Whip cream by hand, make butter in a jar, make your own your own yoghurt, develop your own sourdough culture and knead your bread. Try making butter in a jar by shaking fresh cream. These are a few ways we can bring hand work to the kitchen.

Don’t feel like it is only in the kitchen and with the household chores that this kind of work can take place. I mention them because it is where many of us spend a good deal of time, cooking, cleaning and caring for the home.

Whatever is your passion, if you are an outdoors type and love to build with wood: fences, benches, house repair, whenever a child is around, do what you can by hand, sand by hand, drill by hand, pound nails with a hammer. The work you do with your hands creates an atmosphere that deeply nourishes your child.

Finish the Job
Remember to finish one task before going on to something else. It is better to do one task by hand, one simple task and complete it than begin many and let them linger, with no completion in sight. The completion of a task helps develop the will. Children can develop good habits overt time through imitation, which will pay off when they have the skills to do the work and contribute, in the family and later way down the road in their own lives. When we do less outside of the home, we have more time to be present in the tasks of homemaking with children. 
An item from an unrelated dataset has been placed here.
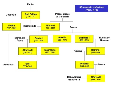 | MONARQUÍA ASTUR-LEONESA (718 - 1037) Una dinastía de 12 reyes descendientes o emparentados con Pedro, Duque de Cantabria, que gobernaron el pequeño reino de Asturias y sobrevivieron con éxito a las numerosas expediciones mulitares que los gobernadores y emires Omeyas lanzaron contra ellos para destruirles. Finalmente, tras dos siglos de luchas contra los musulmanes, el reino de Asturias llegó hasta las orillas de Duero en época del rey Alfonso III El Magno, dando origen a un nuevo reino que fue gobernado durante ciento cincuenta años por otros 12 reyes, hasta que se unió al reino de Castilla por primera vez bajo Fernando I en 1037. |

It is our WILL forces that we use to engage ourselves and our children. Children are all arms and legs, "show me what to do” and they will do it by our ACTION, our mood, our gesture.

Make it Easy 
I've used gates to keep the children in the kitchen and play area so the children are where I can see them.  I wear aprons for cooking, baking, cleaning and gardening. I encourage them to participate with their own aprons, a place to step up to the sink, these have varied over the years, a chair, an inverted wooden box, a crate, a step stool and jobs of their own, tasks of their own: drying, washing the table, setting the table...

In cultivating the will and the habit life the most important piece is to do the same chores in the same sequence each day and each week. After we eat, we clear the table, we wash the dishes, we sweep the floor….Repetition.

Songs, Verse and Nursery Rhymes
Songs, verse and nursery rhymes that are specific (for you) to your daily and weekly tasks can help ease a child into joining, make it familiar and inviting. I’ve written about nursery rhymes here.

"This is the way we sweep the floor, sweep the floor, sweep the floor so early in the morning…"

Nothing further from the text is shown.